Recycled Crust in the Mantle: Is High-Ni Olivine the Smoking Gun or a Red Herring?

It is widely accepted that small amounts of recycled crustal components are present in some mantle-derived mafic and ultramafic magmas. This concept is supported by many isotopic and trace element studies of basalts, picrites and komatiites in the last 30 years. Recently Sobolev et al. [1,2] used olivine compositions such as Ni content and Mn/Fe ratio to demonstrate that the amounts of the recycled crustal component (i.e. pyroxenite) in these mantle-derived melts are much larger than previously appreciated.
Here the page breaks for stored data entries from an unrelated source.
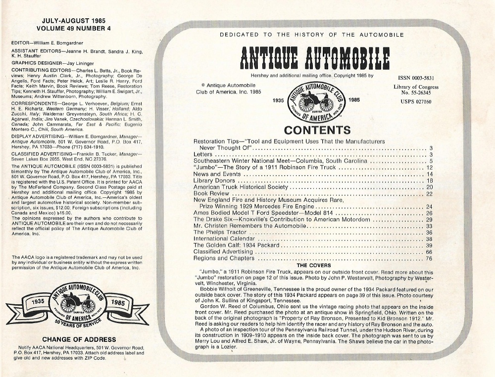 Reviews ANTIQUE AUTOMOBILE 1985 JULY - JUMBO - '11 ROBINSON FIRE TRUCK, '34 PACKARD
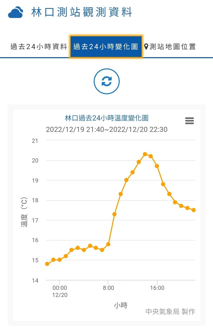 (光看圖表格子的密度就知道,林口的溫度格線總是比較少,日夜溫差小)
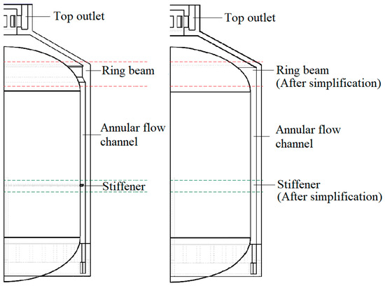 The simplified original field model of the PAS simplifies the structural design of both the stiffener and the ring beam. Under severe accident conditions, the outer wall of the inner steel shell heats the air within the PAS flow channel, either directly or indirectly, through mechanisms of heat radiation and convection [18,19,20].
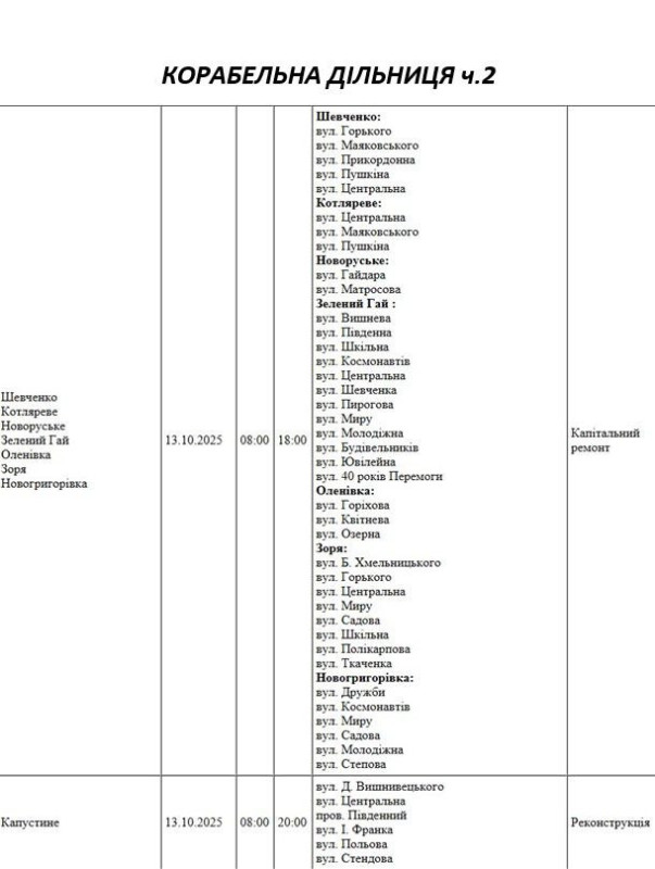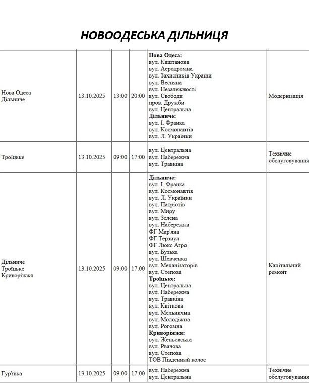 Графік відключення світла по адресах на 13 жовтня, Новоодеська дільниця АТ «Миколаївобленерго»

Their calculations show that the pyroxenite-derived component varies mostly between 40 and 80% for Hawaiian shield basalts and Siberian flood basalts, and mostly between 10 and 40% for mid-ocean ridge basalts and Archean komatiities. However, a critical test using olivine-liquid Mg-Fe equilibrium that was overlooked by Sobolev et al. [1,2] reveals that mixing of the two end-members (pyroxenite-derived and peridotite-derived melts) that were used in their models cannot generate the parental melts for the above natural samples. Such a discrepancy prompts us to reexamine the conventional view of a peridotite-dominant source for the Hawaiian shield basalts. This hypothesis has been criticized recently by many people because the contents of Ni in olivine phenocrysts in the basalts are significantly higher than mantle olivines in associated peridotite xenoliths and because total pressure has little effect on olivine-liquid Ni partition coefficient (DNi). What has not been generally considered is that the depth of olivine crystallization/equilibration has a negative effect on olivine Ni content because DNi is negatively correlated with melt temperature which decreases during adiabatic ascent. To evaluate such an effect quantitatively we have used all available experimental results of Ni partitioning between olivine and liquid to construct a robust empirical equation for DNi based on melt composition and temperature. The results of our calculations indicate that the contrasting Ni contents between mantle olivines and olivine phenocrysts in the Hawaiian shield basalts can be explained by variation in their crystallization/equilibration temperatures at different depths. [1] Sobolev et al. (2005) Nature 434, 590-597. [2] Sobolev et al. (2007) Science 316, 412-417.